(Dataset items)
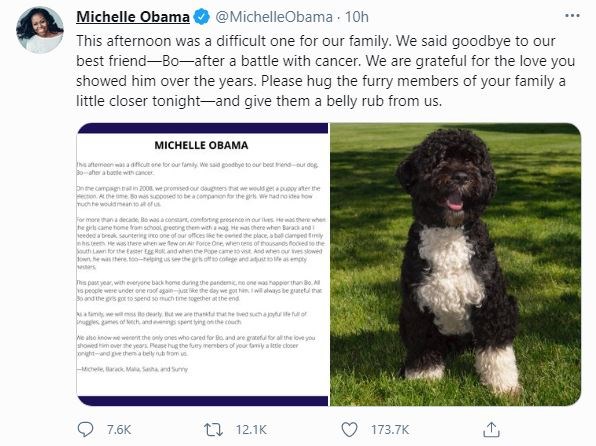 «Ως οικογένεια, ο Μπο θα μας λείψει πολύ», δήλωσε από την πλευρά της στο Instagram η πρώην πρώτη κυρία Μισέλ Ομπάμα.
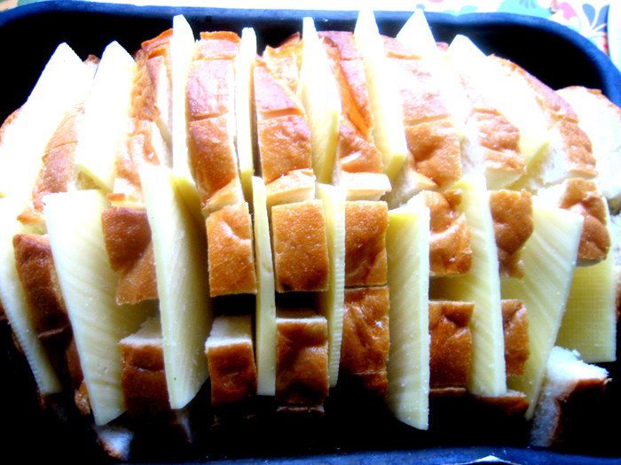 Помещаем хлеб в смазанную форму,раздвигаем слегка куски и всовываем по два кусочка сыра между ломтями.
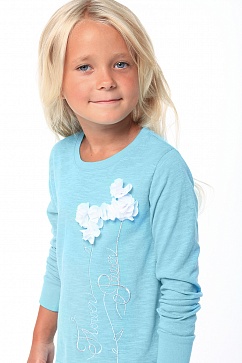Джемпер из футера с вышивкой и контрастной аппликацией в виде цветов. Низ изделия декорирован кружевом.
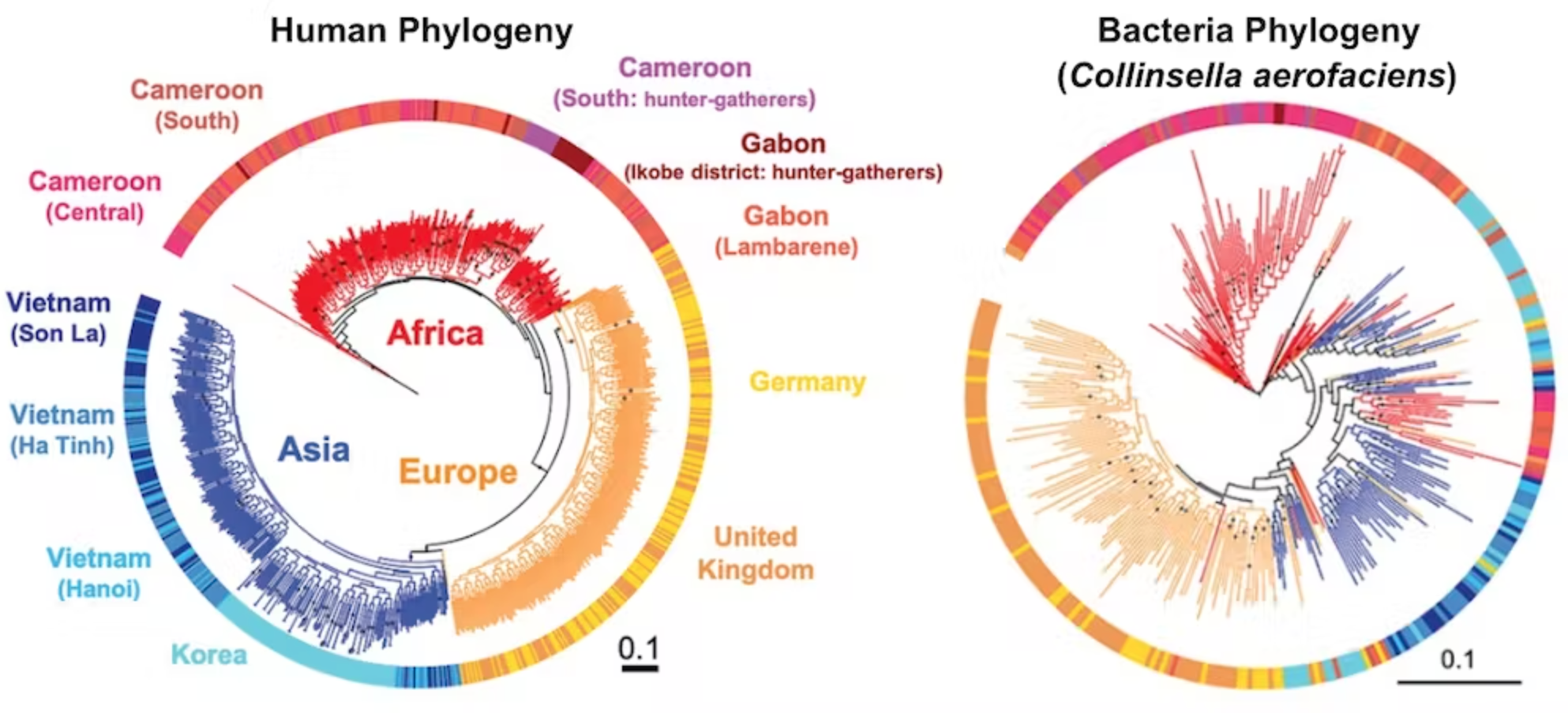 We hypothesized that as humans fanned out across the globe and diversified genetically, so did the microbial species in their guts. In other words, gut microbes and their human hosts “codiversified” and evolved together – just as human beings diversified so that people in Asia look different from people in Europe, so too did their microbiomes.
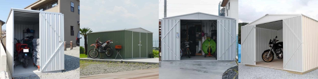 三角屋根が特徴のフロントエントリーシリーズの中でも一番人気のサイズです。広々とした空間はバイク保管にはもちろん、車のタイヤやアウトドアグッズなど、家族で使用するものを収納しておくのにも便利。
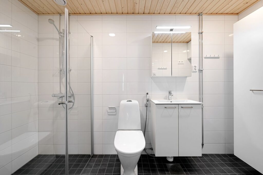 Kylpyhuone löytyy asunnon eteisen yhteydestä. Kylpyhuoneen seinät on laatoitettu ja lattioissa on keraaminen laatta. Suihkussa on näppärästi kääntyvä suihkuseinä. Lisäksi kylpyhuoneessa on peilikaappi, jossa on pistorasia ja valaisin, allaskaappi pesualtaiden alla sekä liitos- ja tilavaraukset pyykinpesukoneelle tai pesutornille.

**Work required:** Start with the line holding "三角屋根が特徴のフロントエン" and repeat exactly every line through the final line of the records above, but no pictures and nothing more.

**Exercise response:**
 三角屋根が特徴のフロントエントリーシリーズの中でも一番人気のサイズです。広々とした空間はバイク保管にはもちろん、車のタイヤやアウトドアグッズなど、家族で使用するものを収納しておくのにも便利。
 Kylpyhuone löytyy asunnon eteisen yhteydestä. Kylpyhuoneen seinät on laatoitettu ja lattioissa on keraaminen laatta. Suihkussa on näppärästi kääntyvä suihkuseinä. Lisäksi kylpyhuoneessa on peilikaappi, jossa on pistorasia ja valaisin, allaskaappi pesualtaiden alla sekä liitos- ja tilavaraukset pyykinpesukoneelle tai pesutornille.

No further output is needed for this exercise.